7. A judgment of acquittal has the obvious consequence of granting freedom to the accused. This Court has taken a consistent view that unless the

judgment in appeal is contrary to evidence, palpably erroneous or a view which could not have been taken by the court of competent jurisdiction

keeping in view the settled canons of criminal jurisprudence, this Court shall be reluctant to interfere with such judgment of acquittal.

8. The penal laws in India are primarily based upon certain fundamental procedural values, which are right to fair trial and presumption of

innocence. A person is presumed to be innocent till proven guilty and once held to be not guilty of a criminal charge, he enjoys the benefit of such

presumption which could be interfered with only for valid and proper reasons.

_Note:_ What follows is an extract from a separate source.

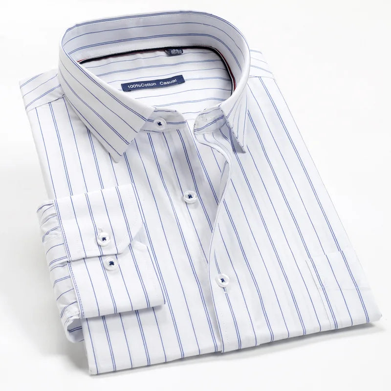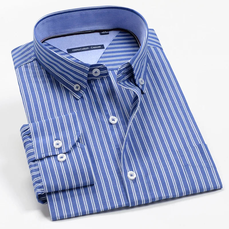 Discover the ultimate blend of style and comfort with our men's blue striped shirt Men's loose cotton plaid long sleeve shirt Large. This shirt is designed for the modern man who values both aesthetics and practicality. Crafted from soft, breathable cotton, it ensures all-day comfort while making a bold fashion statement. The striking blue stripes paired with a classic plaid design make it a versatile addition to any wardrobe.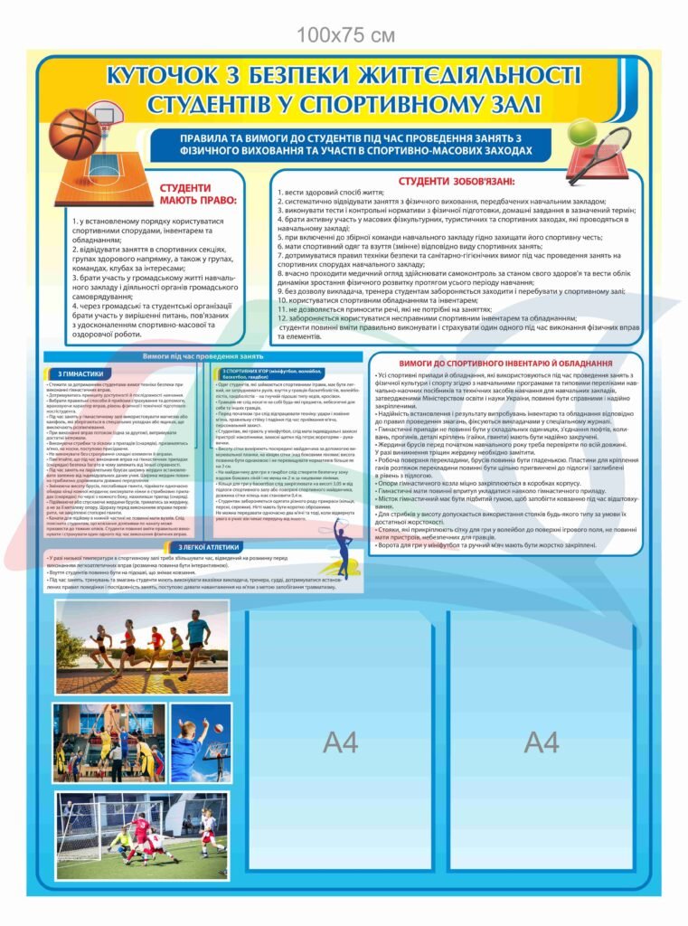 Стенд з техніки безпеки у спортзалі

An appeal against acquittal has always been differentiated from a

normal appeal against conviction. Wherever there is perversity of facts and/or law appearing in the judgment, the appellate court would be within

its jurisdiction to interfere with the judgment of acquittal, but otherwise such interference is not called for.

11. Thereafter, in the above case a large number of judgments were discussed and then it was opined as under:-

10. There is a very thin but a fine distinction between an appeal against conviction on the one hand and acquittal on the other. The preponderance

of judicial opinion of this Court is that there is no substantial difference between an appeal against conviction and an appeal against acquittal except

that while dealing with an appeal against acquittal the Court keeps in view the position that the presumption of innocence in favour of the accused

has been fortified by his acquittal and if the view adopted by the High Court is a reasonable one and the conclusion reached by it had its grounds

well set out on the materials on record, the acquittal may not be interfered with. Thus, this fine distinction has to be kept in mind by the Court while

exercising its appellate jurisdiction. The golden rule is that the Court is obliged and it will not abjure its duty to prevent miscarriage of justice, where

interference is imperative and the ends of justice so require and it is essential to appease the judicial conscience.

12. Learned counsel for the applicant has failed to show any error of law or on facts on the basis of which interference can be made by this Court

in the judgment under challenge.

13. There is also a delay of 96 days in filing the appeal. No plausible ground has been mentioned in the application for condoning the delay.

14. As such, application for leave to appeal is dismissed on merit as well on account of delay.

15. However, the applicant will be at liberty to approach the Civil Court to pursue his remedy.